Я переставал соображать, из-за того, что терял силы с каждым "повернись на другой бок", "выйди на балкон", "прими горячий душ", "съешь головку чеснока с мёдом".
Ни кто не мог понять, чем я болею, а я не рассказывал о вчерашнем вечере. Вчера днём, я пошёл бесцельно мотаться по улицам, зайти в пару мест, поздороваться с милыми старушками, что продают таким малолеткам, как я, пиво и сигареты, которые всегда могут дать совет, поддержать, предложить купить наилучшайшей конопли, которую они выращивали на задворках, послушать истории об их лихой молодости. Все они - обладательницы тёплых шалей даже в самое летнее пекло, носители бигудей, плохой краски для волос и очков в толстой оправе, поголовно - безумнейшие люди. Шлюхи-убийцы, сумасшедшие художницы, рок-музыканты - наркоманки, работники аппозиции, девочки - киллеры с невинными, слеповатыми, синими глазами и вьющимися золотыми локонами, клаберы, мафия. Все они продавали сигареты и пиво. Все они заражены старостью. Некоторые уже и сами не помнят, откуда у них тот или другой шрам, татуировка, с чего в ящике стола лежит человеческая мумифицированная рука, зачем под кроватью лежит снайперка, почему среди инсулиновых шприцов затесался шприц для пункции и опиумная трубка. Все они давно пристрелили своих мужей - больных скучных стариков, из жалости и скуки...

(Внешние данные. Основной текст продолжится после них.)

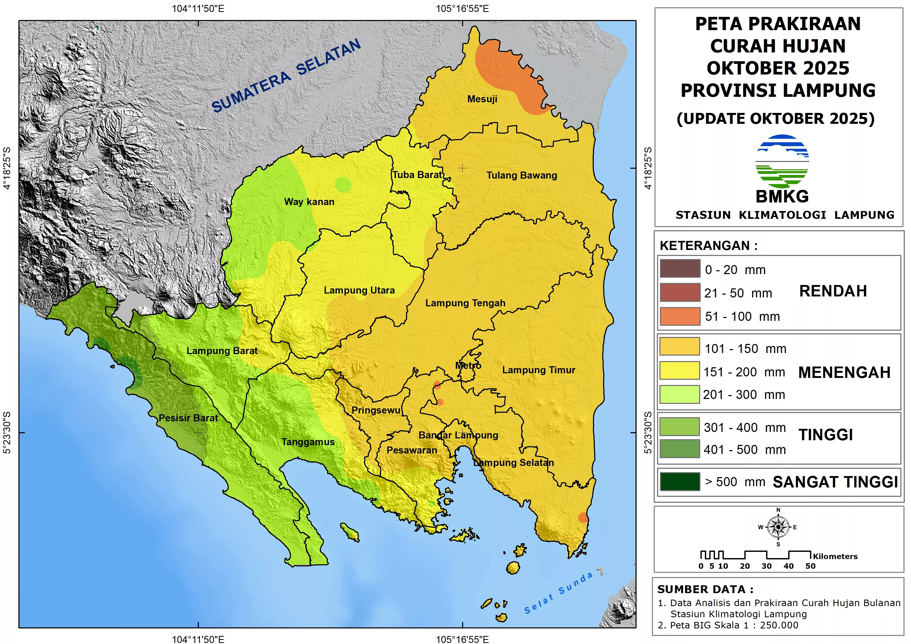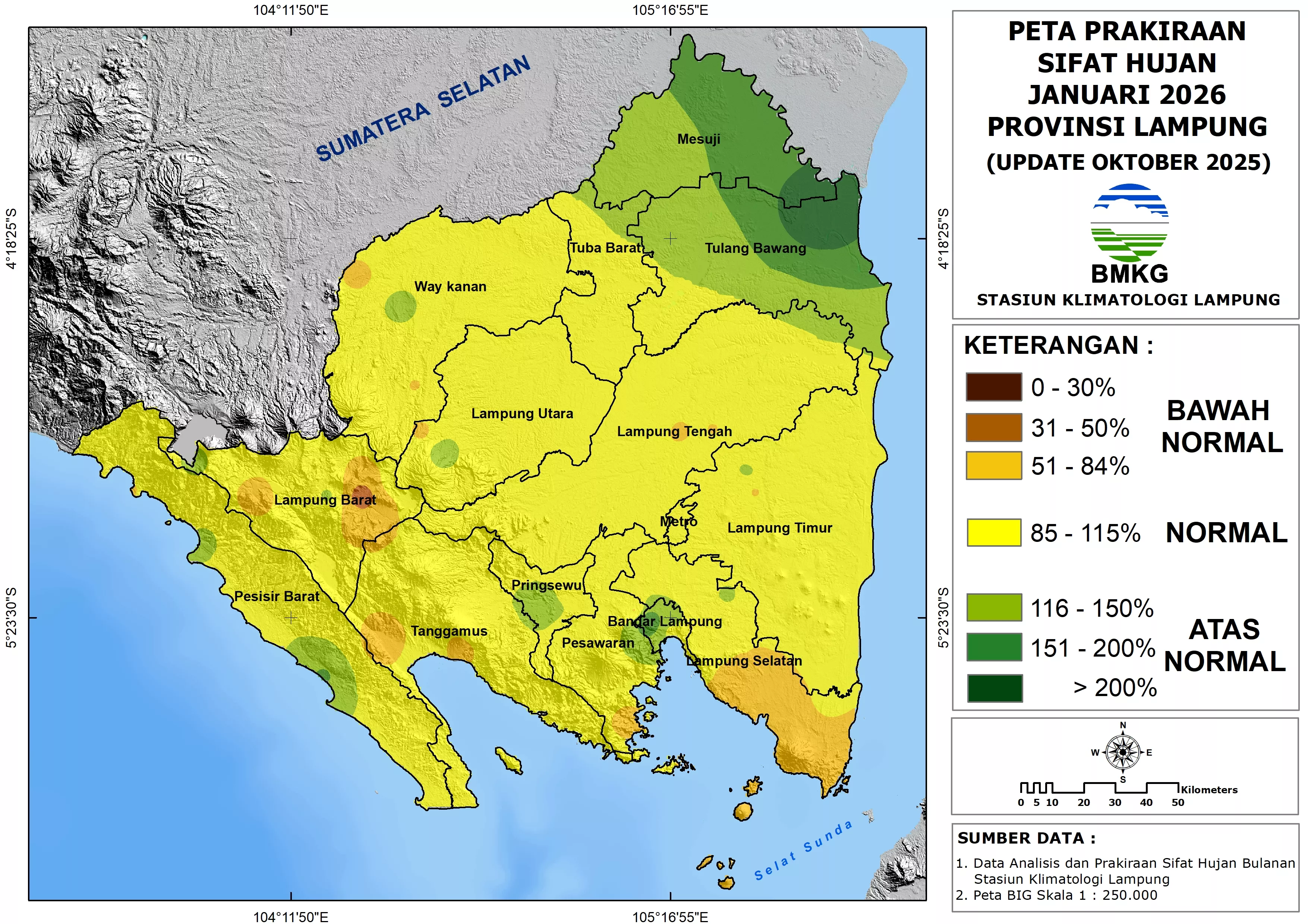PRAKIRAAN CUACA PROVINSI LAMPUNG JUMAT, 31 OKTOBER 2025:Pagi hari: Diprakirakan cerah hingga cerah berawan. Siang–sore hari: Diprakirakan cerah berawa...
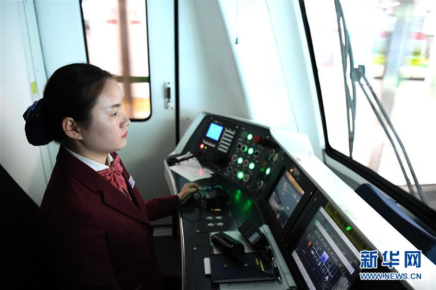 劉慧君在南寧軌道交通1號線上駕車行駛(1月16日攝)。
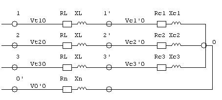 Nella ipotesi 2, neutro con impedenza uguale a zero, allo scopo di evitare l' overflow del calcolo si è impostato nel listato del programma un valore molto basso di resistenza e reattanza del neutro pari a 1*10^-6 ohm/Km.
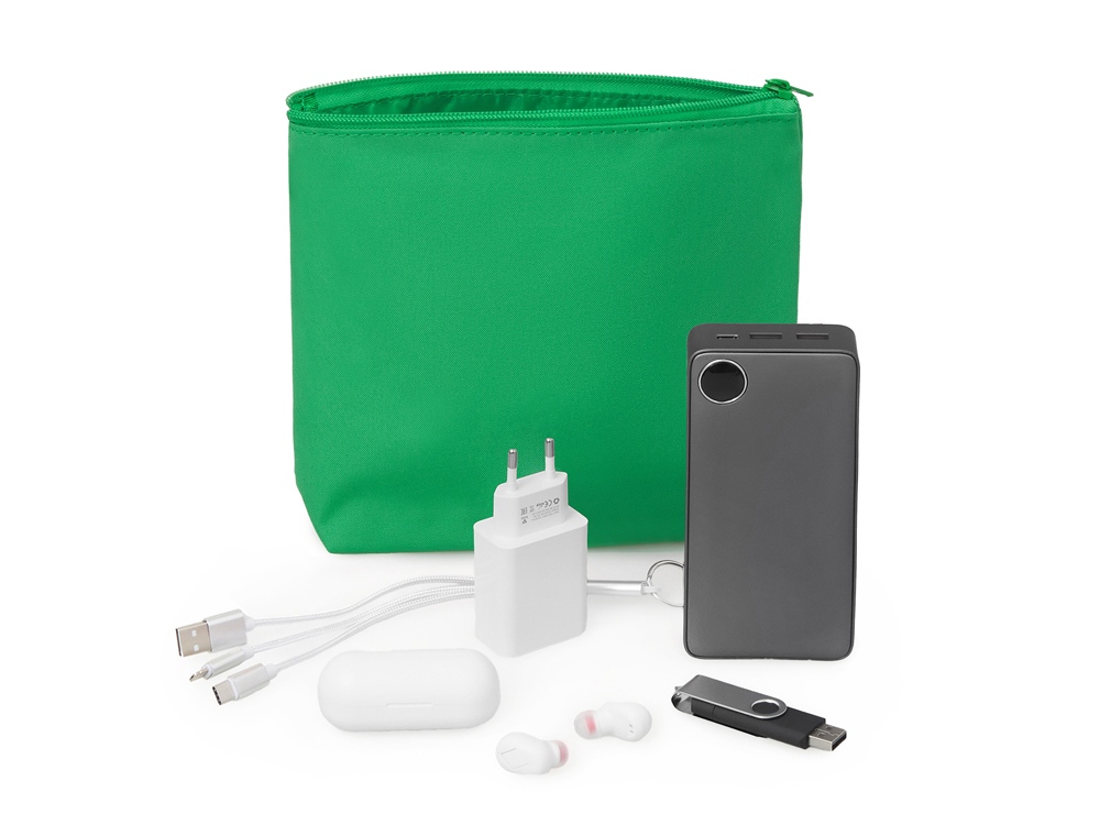 Органайзер для электроники и проводов Amalia из полиэстера 300D с подкладкой, зеленый
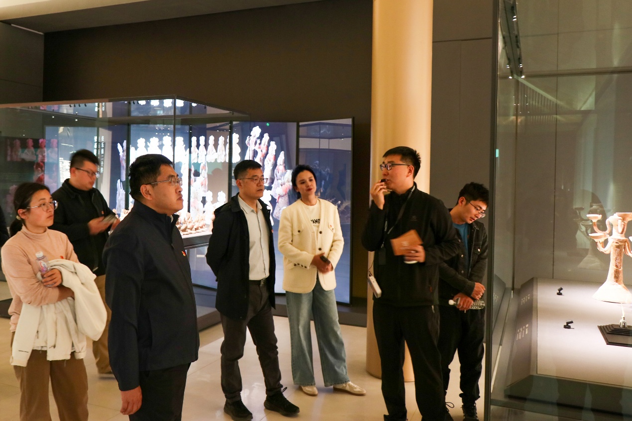 欧美AV 党委一行随后走进西安咸阳国际机场博物馆开展文化研学。“一座洪渎原,半部中国史”——这座坐落于周秦汉唐文明核心区的博物馆,以独特视角串联起千年时空。在讲解员的引导下,欧美AV 党委一行驻足观摩馆中展陈文物。通过聆听考古发现与机场建设中的文物保护案例,欧美AV 党委一行深刻领略到现代基建与文化遗产保护“共生共荣”的实践智慧,感受到历史文脉源远流长的厚重力量。
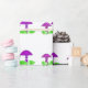 A fun design featuring pretty whimsical mushrooms with plants and greenery around them.
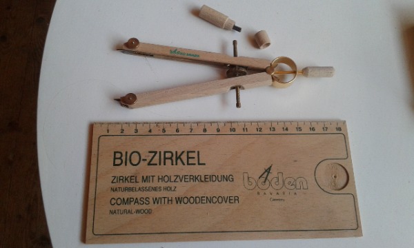 Zirkel aus Holz / Reisszeug in Holzschachtel / Bio-Zirkel
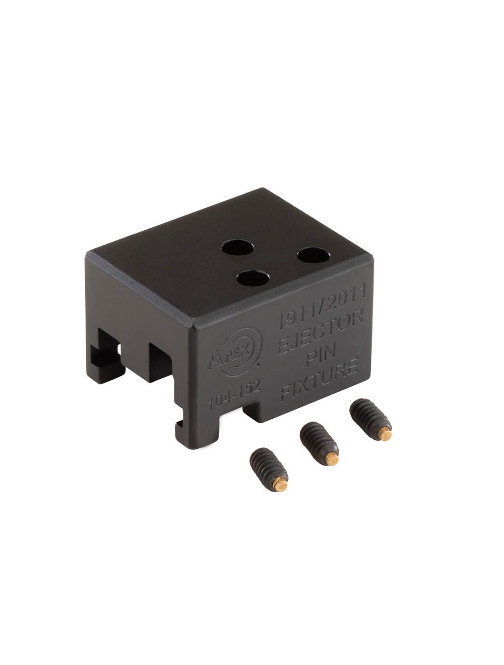 This is an ideal addition to the workbench or armorer's toolbox for anyone building or servicing the 1911/2011 pistol. The Apex Ejector Pin Fixture is designed to securely hold the ejector to the frame of any 1911 or 2011. This ensures that the proper relationship of the Ejector/Frame/Ejector Pin hole is maintained while fitting a new ejector. The Apex Ejector Pin Fixture is machined from a billet of steel and Melonite finished for enhanced durability. Brass tipped set screws to position the ejector without marring the ejector or frame.
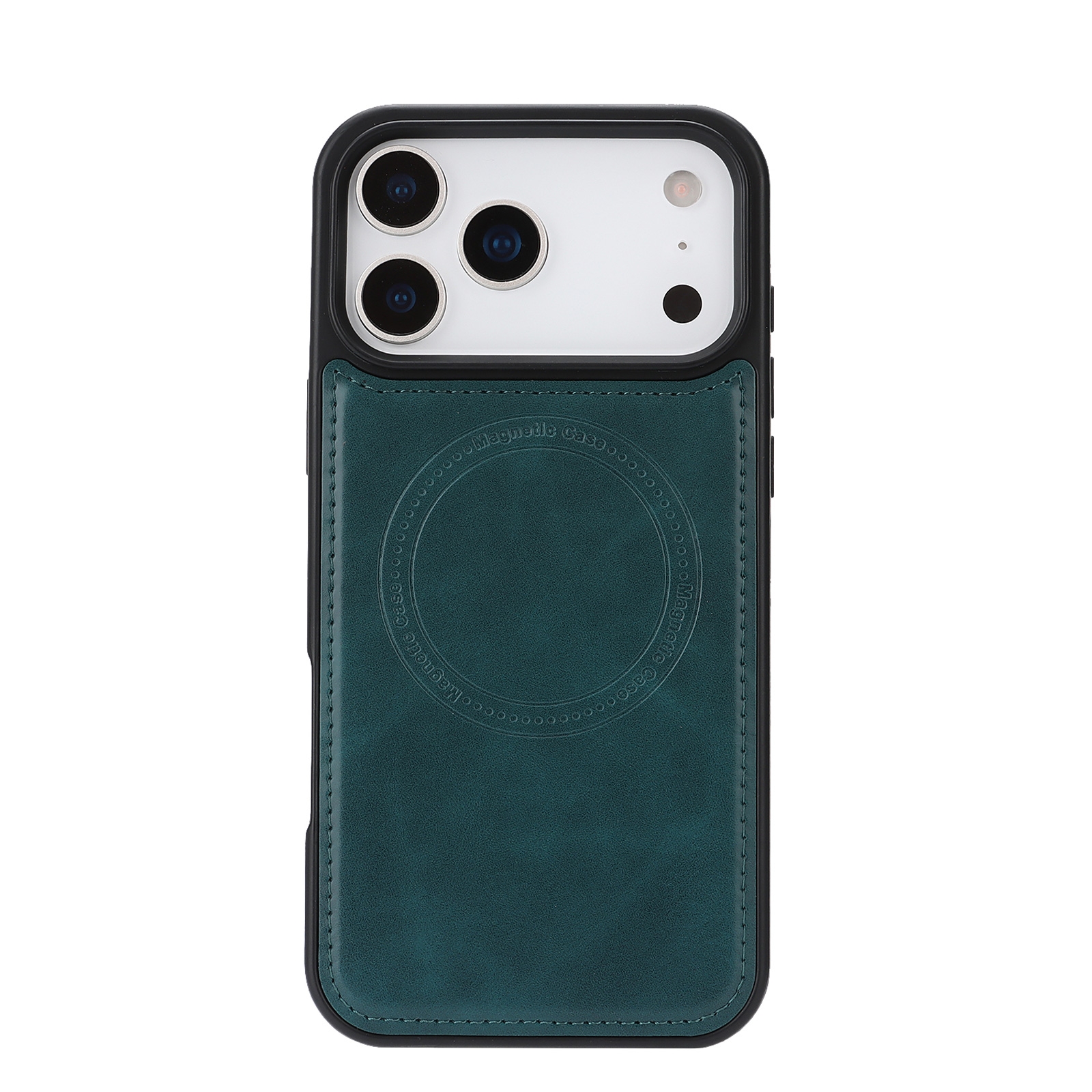 iPhone 17 Pro Magnetic Case – Dark Green PU Leather Design

Я вчера купил себе травы. К полному коробку в подарок прилагался готовый бульбулятор и дешёвая зажигалка. Я знал, что не переплачиваю. Парни с южной части города, в трущобах Алец - Гратли покупали траву у подозрительных типов с забинтованными шарфами лицами, немых, агрессивных. Они продавали гаш, который притекал в город непонятными путями по грамму и разбегались, видя любого человека, на вид старше двадцати. Иногда они открывали стрельбу или кидали дымовую шашку, чтобы скрыться незаметно. После таких инцедентов, как правило, торговцы счастьем исчезали на месяц или два, обрекая подростков северного района на тупой, апатичный наркотический голод.
Я прекрасно понимал, что не увижу в этот день ни Генри, ни Анджелику, я ходил по слишком людным для них улицам. Потом я отправился на мост. Неумолимое желание вернуться и страдать рефлексией не оставляло.
Когда тень от огромной ивы падает на мост, это захватывает дыхание. Когда при этом, с горя, ты находишься под этой тенью один и в одиночку дуешь от безысходности, это останавливает дыхание, замедляя его до одного вдоха и одного ввыдоха в минуту. Трава шла на ура - мягкая, добрая, наполняла счастьем и равнодушием каждую клетку болящего мозга, каждую нитку слабой души. Сначала стало тепло, потом прохладно, глаза стали слегка подсыхать и мышцы лица без моего участия растянули по лицу полуулыбку. Я больше не чувствовал себя одним - рядом со мной скользили полупрозрачные шуршащие призраки, которых нельзя было поймать в фокус. С каждым жадным глотком ядовитого дыма, с каждым потрескиванием, с каждым всполохом зажигалки я входил в страшный анабиоз, в кошмар на "полуяву". Пространство и время перестали существовать для меня, я медленно плыл сквозь серую бесконечность, в то же время оставался на маленьком клочке реальности - нескольких досках моста, разукрашенных полосатой тенью. Сонно и слабо я начинал понимать мир, от начала до конца, разбирать миллионы голосов, рассказывающих мне скрытые истины. В этоге я впал в полупризрачный экстаз, перестал шевелиться, чувствовал вкусный воздух, раздвигающий лёгкие, насыщающий кровь, делающий её легче и быстрее. В определённый момент я почувствовал, что теряю опору совсем, холодные доски подо мной исчезли, перекувыркнувшись, делись куда-то в небо, делся куда-то я. В серой, вязкой бесконечности я устышал шум воды и почувствовал холод. Я чувствовал, как, холодея, сжимаются все органы внутри меня, коченеют руки и ноги. Где-то в глубине организма ещё работал трезвый кусок мозга, который настойчиво сообщал мне, что вокруг ледяная вода, под спиной камни, а выше - небо в подрагивающих звёздах. Изредка в определённом участке тела появлялся островок тепла...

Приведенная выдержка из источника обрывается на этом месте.